These functions are used to generate the parameters for different nucleosome positioning related features.

Usage

stableFeature(start, minDist = 175, weight = seq(0.1, 1, by = 0.1), 
	shift = c(0, 5, 10), ratio = seq(0, 4, by = 0.25), 
	stability = seq(0.1, 5, by = 0.1), weightProb, shiftProb, 
	ratioProb, stabilityProb, ...)
phasedFeature(minDist = 175, length = seq(1000, 10000, by = minDist), 
	meanDist = minDist:300, lengthProb, meanDistProb, start, ...)
fuzzyFeature(start, length = seq(1000, 10000, by = 1000), 
	meanDist = 175:400, lengthProb, meanDistProb, ...)
nfrFeature(start, length = seq(50, 500, by = 10), 
	weight = seq(0.1, 1, by = 0.1), lengthProb, weightProb, ...)

Arguments

start

Start location of feature on chromosome.

minDist

Minimum distance between nucleosomes.

length

A numeric vector giving possible values for the length of the feature.

meanDist

A numeric vector giving possible values for the mean distance between nucleosomes.

weight

A numeric vector giving possible values for the weight of the feature.

shift

A numeric vector giving possible values for the distance between favoured positions of stable nucleosomes.

ratio

A numeric vector giving possible values for the ratio between probabilities for alternative and central position of stable nucleosomes.

stability

A numeric vector giving possible values for the stability of stable nucleosomes.

lengthProb

Length distribution of feature.
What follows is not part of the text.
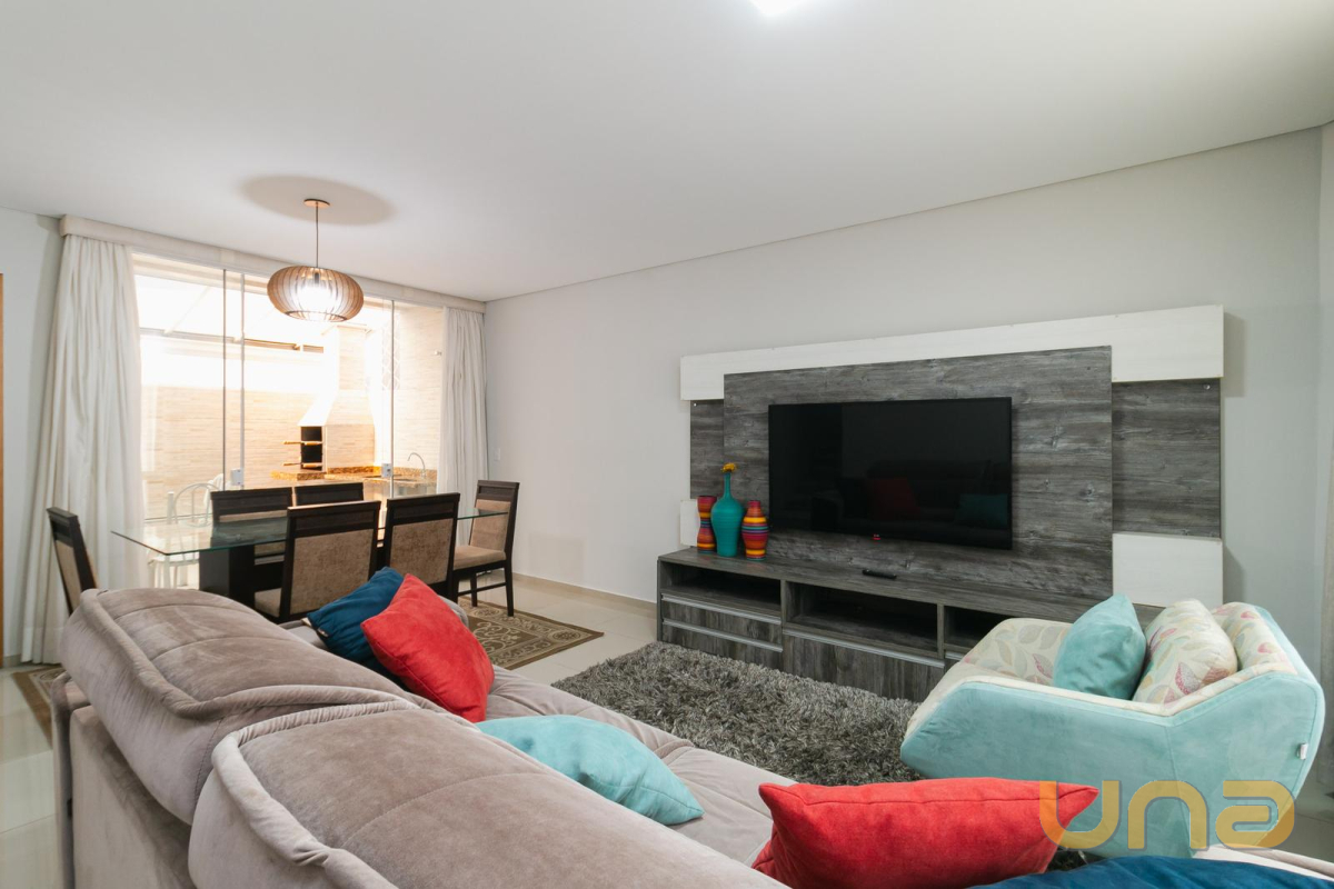 - Sala com teto rebaixado em gesso, lustres, tapetes, mesa em vidro com cadeiras, sofás, cortinas, grades na janela da sala, piso em porcelanato, painel de tv com tv de 55 polegadas e poltrona.
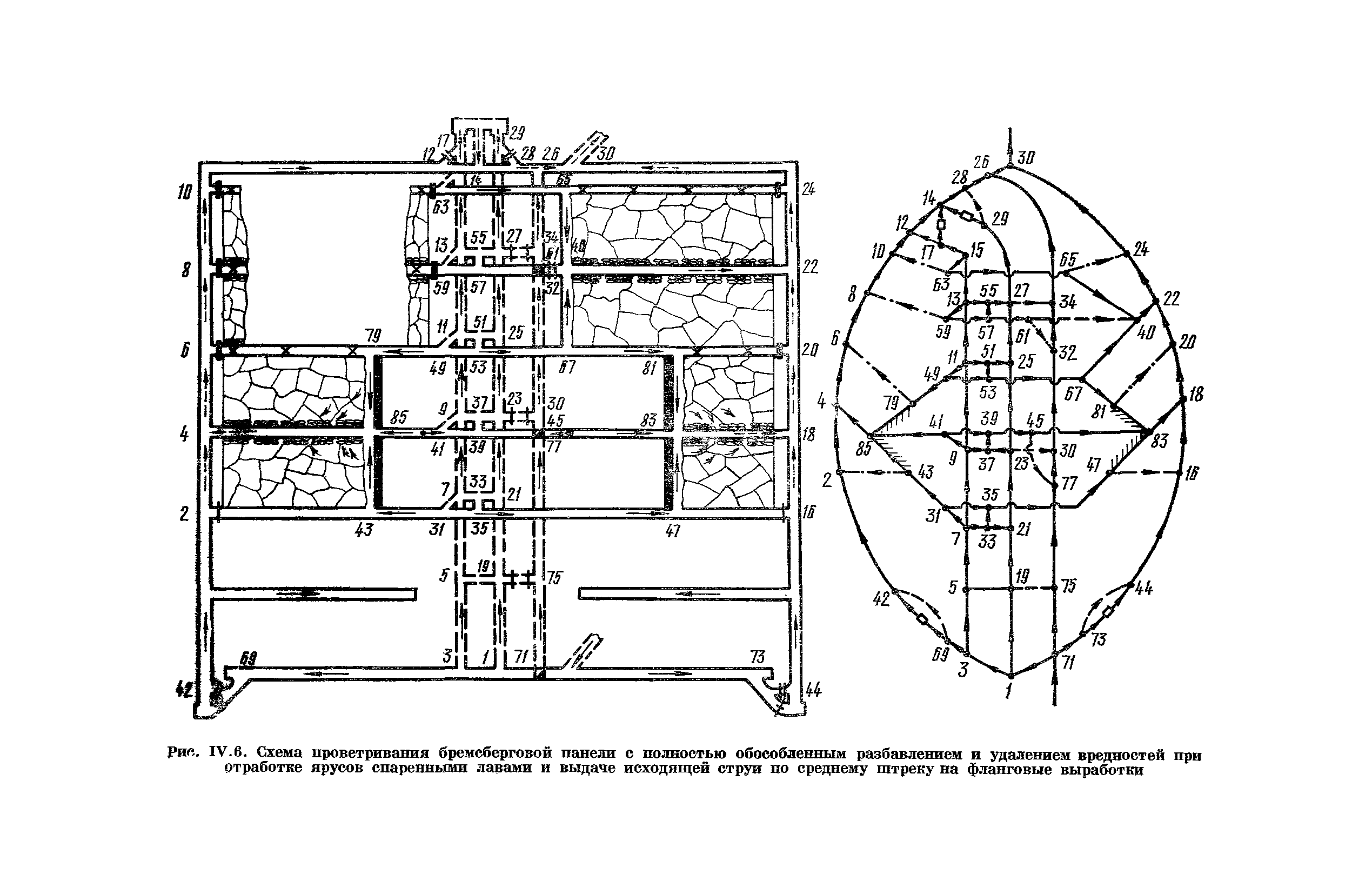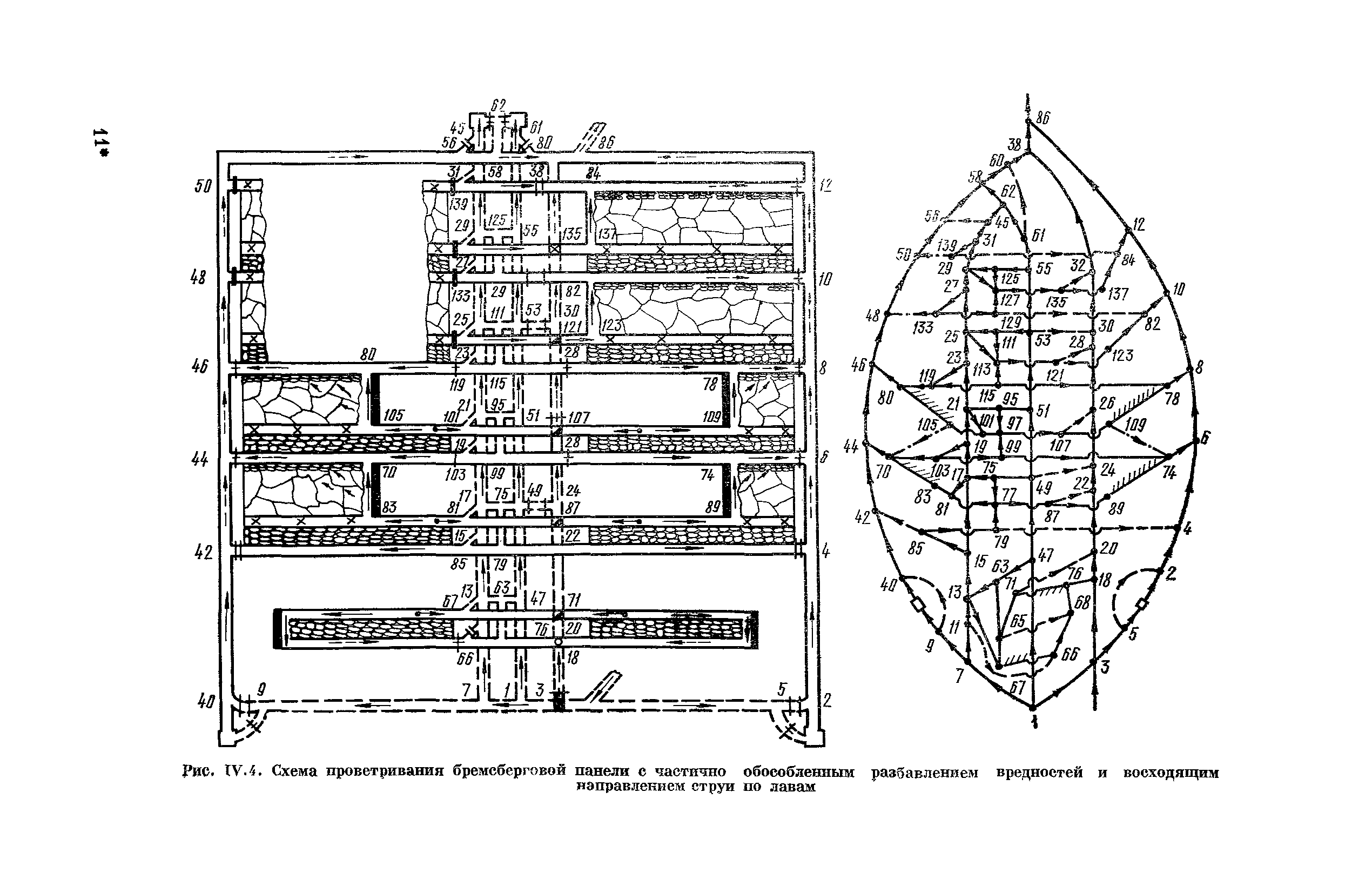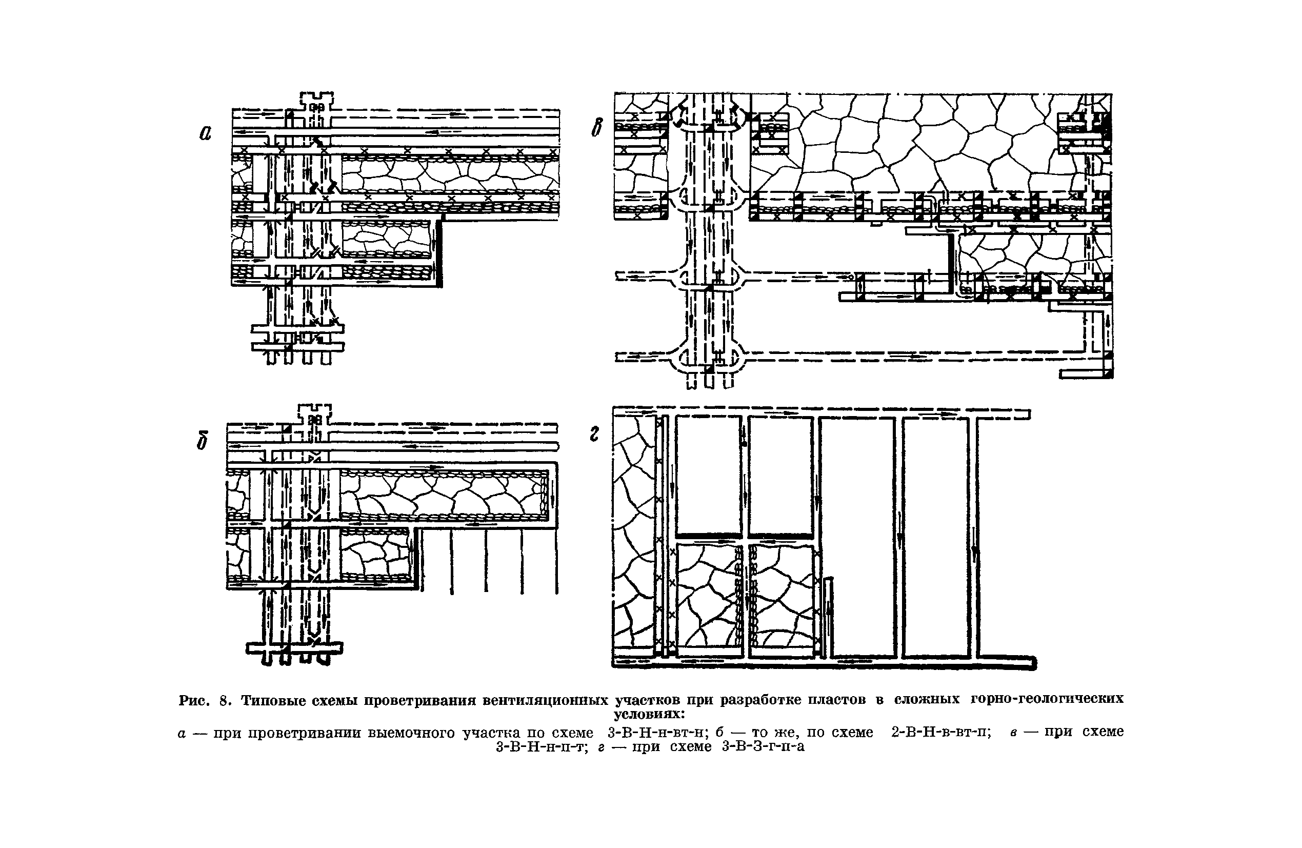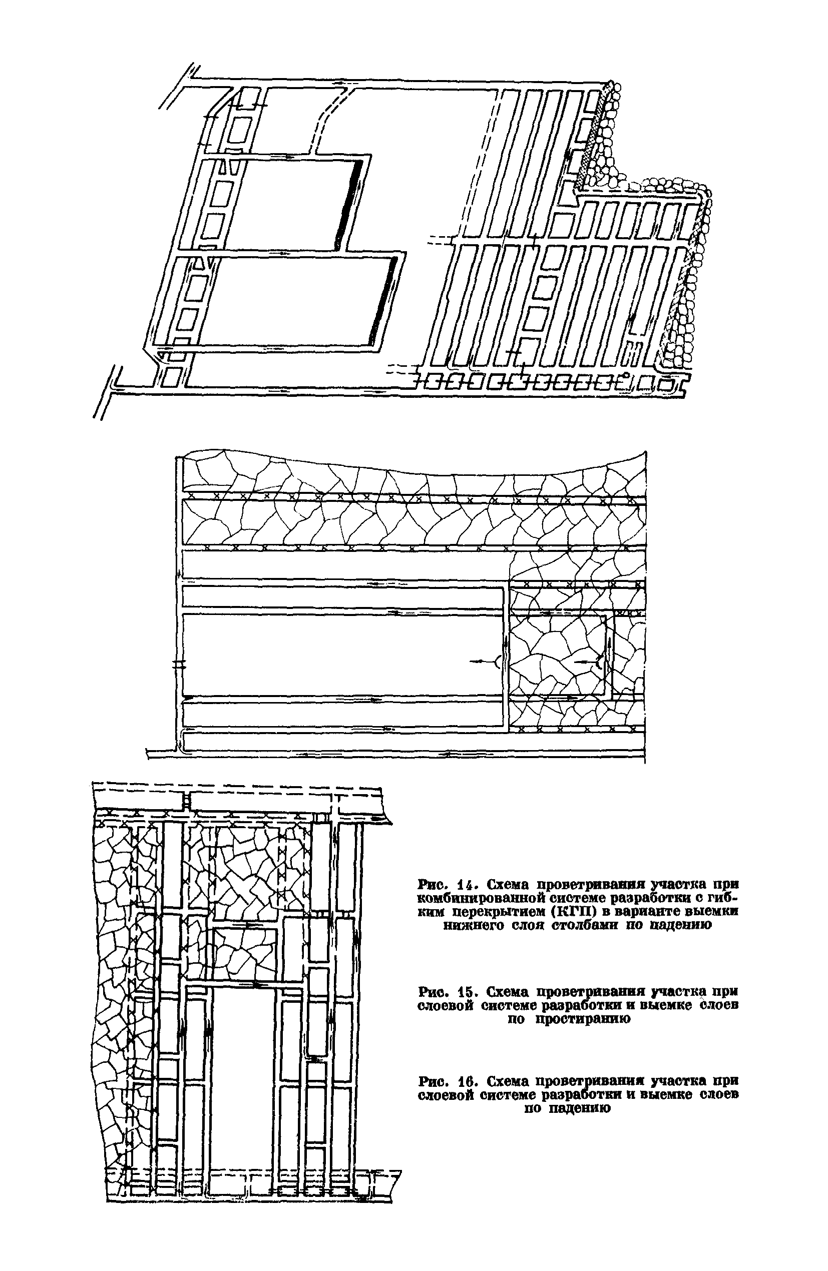 | Оглавление: | Предисловие Основные условные обозначения 1 Общие положения 1.1 Геологоразведочные организации 1.2 Угольные шахты 1.3 Проектные организации 1.4 Научно-исследовательские институты 2 Порядок проектирования вентиляции угольных шахт 3 Прогноз метанообильности выработок угольных шахт 3.1 Прогноз газообильности выработок по метаноносности угольных пластов 3.1.1 Метановыделение из пласта 3.1.2 Метановыделение из сближенных угольных пластов (спутников) 3.1.3 Метановыделение из вмещающих пород 3.1.4 Метанообильность подготовительных выработок 3.1.5 Метановыделение из старых выработанных пространств ранее отработанных этажей 3.2 Горностатистический метод прогноза 3.2.1 Принцип п область применения 3.2.2 Способ расчета и получения исходных данных 3.2.3 Способ обработки исходных данных 4 Схемы и способы проветривания шахт 4.1 Схемы проветривания выемочных участков 4.1.1 Основные требования к схемам проветривания 4.1.2 Область применения основных схем 4.2 Выбор схемы и способа проветривания шахты 5 Проектирование проветривания подготовительных выработок 5.1 Общие положения 5.2 Расход воздуха для проветривания одиночных подготовительных выработок 5.2.1 По газовыделению 5.2.2. По расходу ВВ 5.2.3 По наибольшему числу людей 5.2.4 По минимальной скорости движения воздуха 5.2.5 По тепловому фактору 5.2.6 Расчет производительности вентилятора 5.3 Расход воздуха для проветривания параллельных выработок 5.4 Расход воздуха для проветривания выработок, проводимых широким ходом 5.5 Выбор способа проветривания 5.6 Выбор и аэродинамический расчет трубопроводов 5.7 Выбор вентиляторов жесткого проветривания 5.8 Установка вентиляторов местного проветривания 6 Расчет расхода воздуха для проветривания угольных шахт 6.1 Общие положения 6.2 Упрощенный расчет расхода воздуха 6.2.1 Для Донецкого бассейна и шахт с аналогичными условиями 6.2.2 Для Кузнецкого бассейна и шахт с аналогичными условиями 6.3 Допустимая нагрузка на очистную выработку по газовому фактору 6.3.1 Для забоев типа лав 6.3.2 Для систем разработки с очистными забоями типа камер 6.4 Полный расчет расхода воздуха 6.4.1 Расход воздуха для проветривания забоев 6.4.2 Расход воздуха для проветривания выемочного участка 6.4.3 Расход воздуха для проветривания камер 6.4.4 Утечки воздуха через вентиляционные сооружения 6.4.5 Расход воздуха для проветривания вентиляционного участка и шахты 6.4.6 Производительность вентиляторных установок 7 Расчет депрессии шахт 7.1 Общешахтная депрессия 7.2 Расчет оптимальных сечений выработок 7.2.1 Исходные данные 7.2.2 Определение расчетной депрессии направлений 7.2.3 Обеспечение точности результата упрощенного расчета 7.2.4 Выбор определяющего направления 7.2.5 Расчет сечений выработок направления 7.2.6 Возможная корректировка местоположения воздухоподающего и вентиляционного стволов 7.2.7 Техника расчета сечений выработок 7.3 Размещение и расчет регуляторов распределения воздуха в горных выработках 8 Выбор вентиляторов 8.1 Вентиляторы для одиночной работы 8.2 Вентиляторы для совместной работы 9 Определение устойчивости проветривания шахт и повышение ее при конструировании схем 9.1 Расчет устойчивости проветривания 9.1.1 Общие сведения 9.1.2 Исходные данные и порядок анализа 9.1.3 Нахождение диагоналей и ветвей, влияющих на направление движения воздуха в диагоналях 9.1.4 Предварительный анализ устойчивости 9.1.5 О

This corresponds to the state duration distribution of the underlying generating model.

meanDistProb

Distribution of mean distances between nucleosomes.

weightProb

Distribution of feature weights.

shiftProb

Distribution of distances between favoured positions of stable nucleosome.

ratioProb

Ratio distribution.

stabilityProb

Stability distribution.

...

Further arguments (currently ignored).

Value

A list of parameters for the corresponding feature type. These parameters are later used to compute nucleosome densities.

Author(s)

Peter Humburg

See Also

simChIP

Examples

feature <- stableFeature(200)

Generating a list of genomic features

Description

This function generates a list of genomic features for a single chromosome based on a Markov model.

Usage

makeFeatures(generator = defaultGenerator(), 
	transition = defaultTransition(), init = defaultInit(), 
	start = 1000, length, control = list(), 
	globals = list(minDist = 175), lastFeat = defaultLastFeat(), 
	experimentType = "NucleosomePosition", 
	truncate = FALSE, maxTries = 10, force=FALSE)

Arguments

generator

A named list providing functions to generate the parameters associated with each type of feature. The name of each element in the list is the name of the state the function should be associated with.

transition

Named list of transition probabilities. Each element is a (named) numeric vector giving the transition probabilities for the state indicated by the element's name, i.e., each element of the list is a row of the transition probability matrix but zero probabilities can be omitted.

init

Named numeric vector of initial state probabilities. The names have to correspond to state names of the model. Zero probabilities may be omitted.

start

Numeric value indicating the position at which the first feature should be placed.

length

Maximum length of DNA that should be covered with features.

control

Named list with additional arguments to generator functions (one list per generator). Again the names should be the same as the state names.

globals

List of global arguments to be passed to all generator functions.

lastFeat

Named logical vector indicating for each feature type whether it can be the last feature.

experimentType

Type of experiment the simulated features belong to. This is used as the class of the return value.

truncate

Logical value indicating whether the final feature should be truncated to ensure that total length does not exceed length (if FALSE, a feature that would be truncated is removed instead).

maxTries

Maximum number of attempts made to generate a valid sequence of features. If no valid sequence is generated during the first maxTries attempts the function will fail either silently (returning an empty sequence) or raise an error, depending on the value of force.

force

Logical indicating whether the function should be forced to return a feature sequence, even if no valid sequence was found. If this is TRUE an empty sequence will be returned in that case otherwise an error is raised.

Details

This function will generate features from any first order Markov model specified by init, transition and generator. If force is FALSE the returned feature sequence is guaranteed to contain at least one feature and end in a state that is indicated as possible end state in lastFeat. Note that the states for which lastFeat is TRUE are not end states in the sense that the chain is terminated once the state is entered or that the chain remains in the state once it is first entered. Instead this is a mechanism to ensure that some states cannot be the last in the sequence.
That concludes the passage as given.